What you have to do – Word for word, repeat all the entries below, but without the pictures.

Dataset extract –
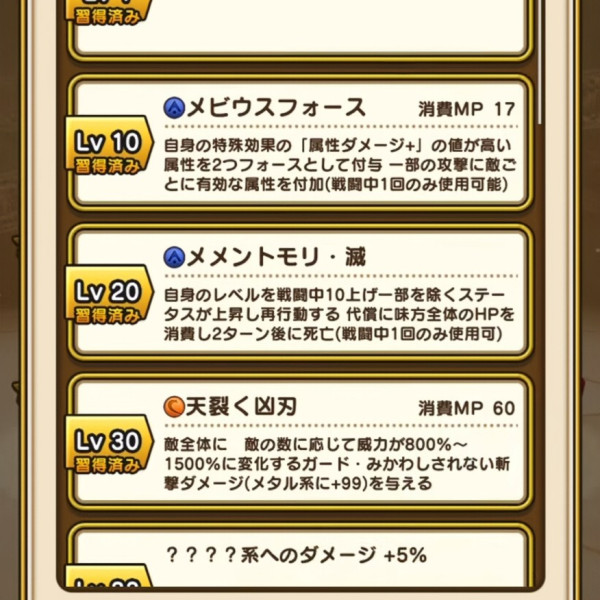 | └ | 全体 800~1500%必中斬撃 + メタル系+99ダメ(威力は敵の出現数で変化する) |
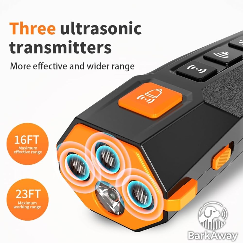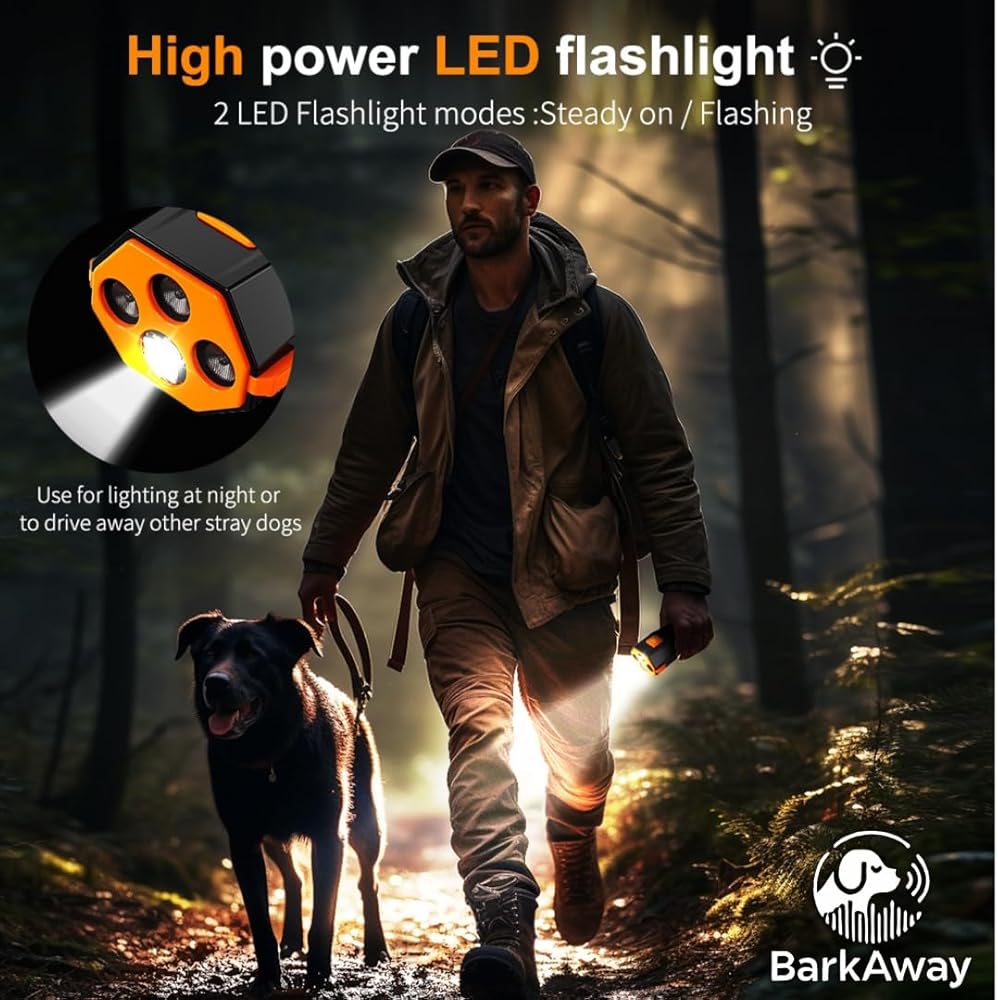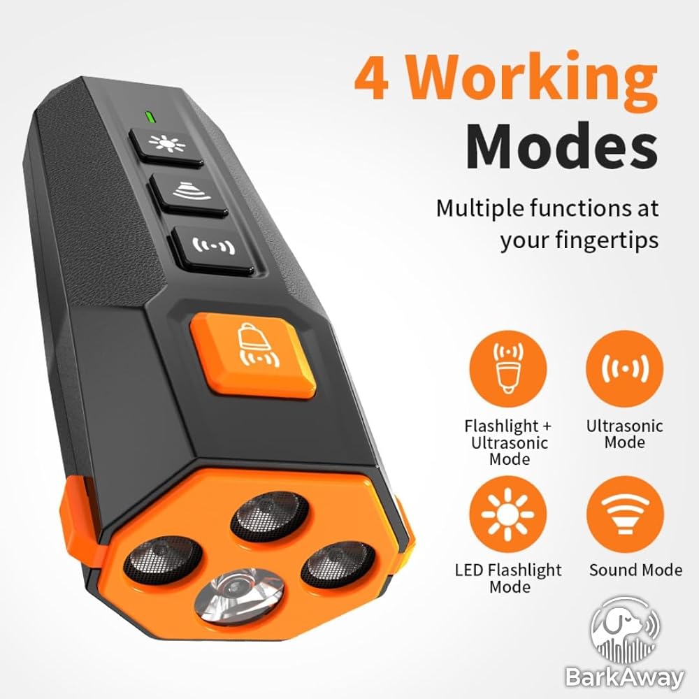 Versatile Training Modes with LED Flashight: These dog barking deterrent devices include four functioning modes, with 3 ultrasonic transmitters and an integrated LED flashlight for day or night usage. The range of settings provides more flexibility and wider range during training, depending on your dog's response and the surrounding environment.
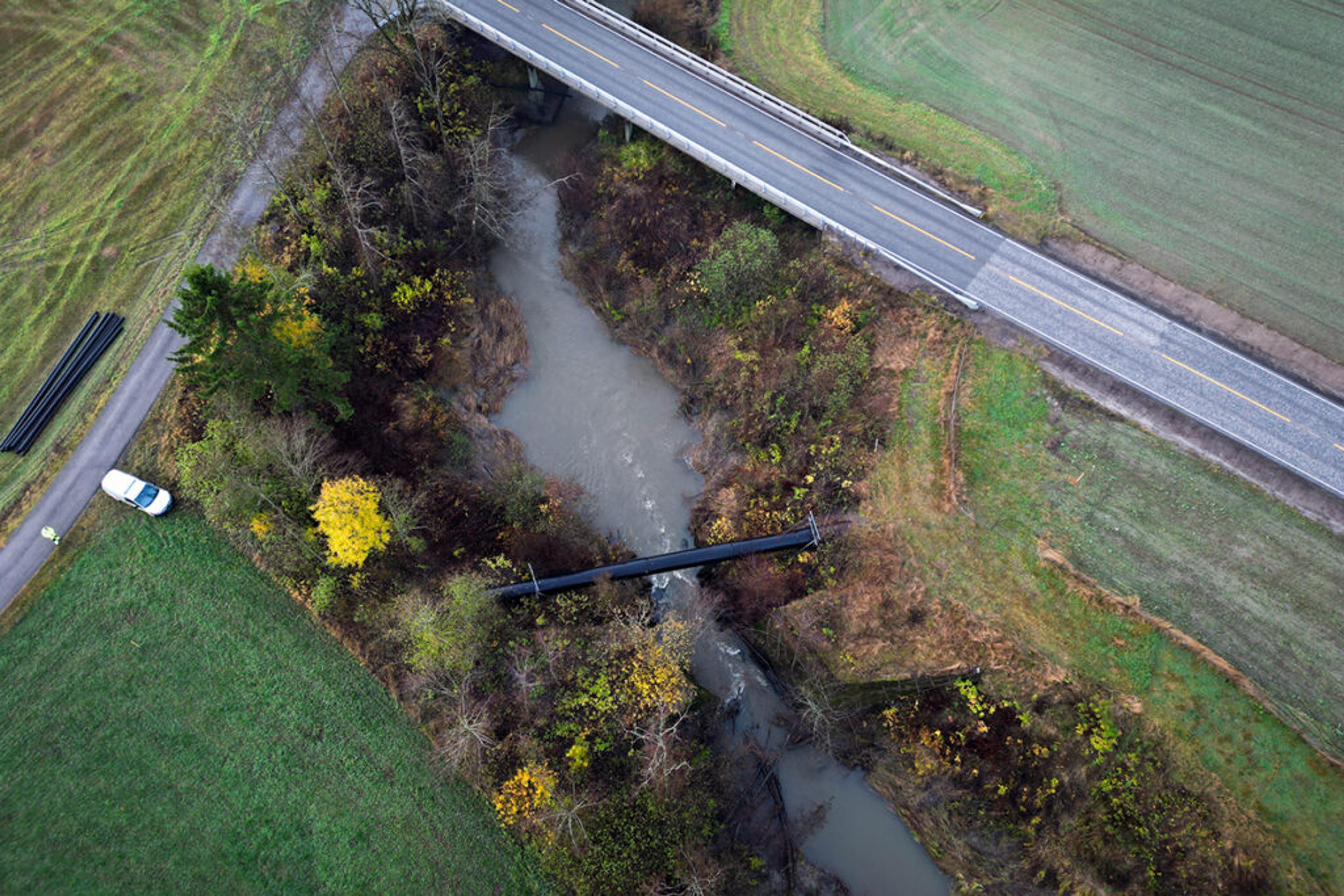 PROBLEMOMRÅDET: Erosjon fra bekken er et problem som krever større inngrep enn først forespeila. En høy prisstigning på toppen av det gjør at ramma for prosjektet må økes til det dobbelte. Foto: Pressemelding Vestfold og Telemark fylkeskommune.
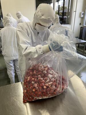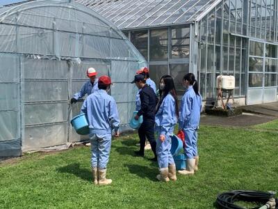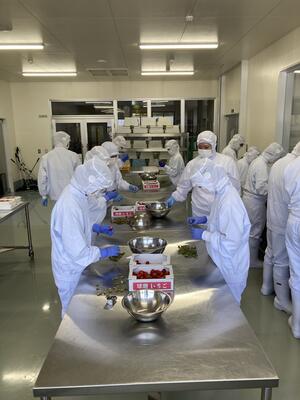 いちごジャムの原材料となるいちごの下処理を行いました。今年度もあさぎり町にある市岡いちご堂のいちごを使用します。市岡様には、長きにわたり本学科の取り組みに多大なるご支援・ご協力をいただいています。本当にありがとうございます。
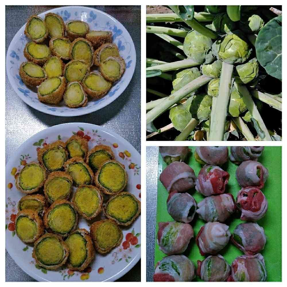 畑の芽キャベツです~。小さなキャベツがたくさん出来てる。肉で巻いて、フライにしました~。半分に割ってみると、芽キャベツの中は黄色で、黄身の大きなゆでタマゴみたい。いろんな味のドレッシングをかけて、うんまい~。

Response –
 | └ | 全体 800~1500%必中斬撃 + メタル系+99ダメ(威力は敵の出現数で変化する) |
 Versatile Training Modes with LED Flashight: These dog barking deterrent devices include four functioning modes, with 3 ultrasonic transmitters and an integrated LED flashlight for day or night usage. The range of settings provides more flexibility and wider range during training, depending on your dog's response and the surrounding environment.
 PROBLEMOMRÅDET: Erosjon fra bekken er et problem som krever større inngrep enn først forespeila. En høy prisstigning på toppen av det gjør at ramma for prosjektet må økes til det dobbelte. Foto: Pressemelding Vestfold og Telemark fylkeskommune.
 いちごジャムの原材料となるいちごの下処理を行いました。今年度もあさぎり町にある市岡いちご堂のいちごを使用します。市岡様には、長きにわたり本学科の取り組みに多大なるご支援・ご協力をいただいています。本当にありがとうございます。
 畑の芽キャベツです~。小さなキャベツがたくさん出来てる。肉で巻いて、フライにしました~。半分に割ってみると、芽キャベツの中は黄色で、黄身の大きなゆでタマゴみたい。いろんな味のドレッシングをかけて、うんまい~。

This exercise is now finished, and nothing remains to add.